Falcon agreed, with a lofty smile; and the purchases were made.
Mr. Falcon painted a landscape or two out of his imagination. The
dealers to whom he took them declined them; one advised the gentleman
painter to color tea-boards. "That's your line," said he.
"The world has no taste," said the gentleman painter: "but it has got
lots of vanity: I'll paint portraits."
He did; and formidable ones: his portraits were amazingly like the
people, and yet unlike men and women, especially about the face. One
thing, he didn't trouble with lights and shades, but went slap at the
features.
His brush would never have kept him; but he carried an instrument, in
the use of which he was really an artist, viz., his tongue.

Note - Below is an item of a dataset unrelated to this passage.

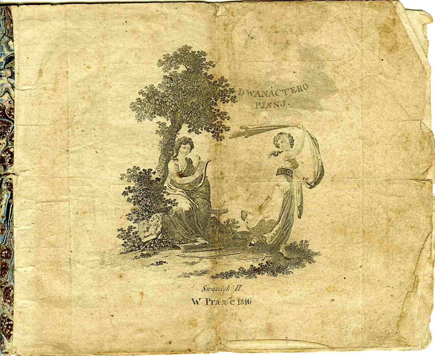 Dvoulisty, slepené původně ve hřbetu proužkem tragantového papíru, rozvolněné, pomačkané, na okrajích roztřepené, vprostřed přeložené, s hnědými skvrnkami, kus spodního okraje posledního listu odtržený bez ztáty textu. - První vydání druhého ze dvou svazků, obsahujícího kromě Hankových básní též po jedné písni od Jana Šafaříka, G. (Augusta Jiřího Pacovského?) Suchánka a Fr. Budislava Veverky. Další vydání tohoto II. sv. následovala v letech 1819, 1831, 1841 a 1851. I. sv. vydaný r. 1815 obsahoval též 12 písní, jednu z nich napsal Michal Silorad Patrčka.<br> Jungmann VI. 287a; Doucha s. 54

By wheedling
and underselling--for he only charged a pound for the painted canvas--he
contrived to live; then he aspired to dress as well as live. With this
second object in view, he hit upon a characteristic expedient.
He used to prowl about, and when he saw a young woman sweeping the
afternoon streets with a long silk train, and, in short, dressed to ride
in the park, yet parading the streets, he would take his hat off to
her, with an air of profound respect, and ask permission to take her
portrait.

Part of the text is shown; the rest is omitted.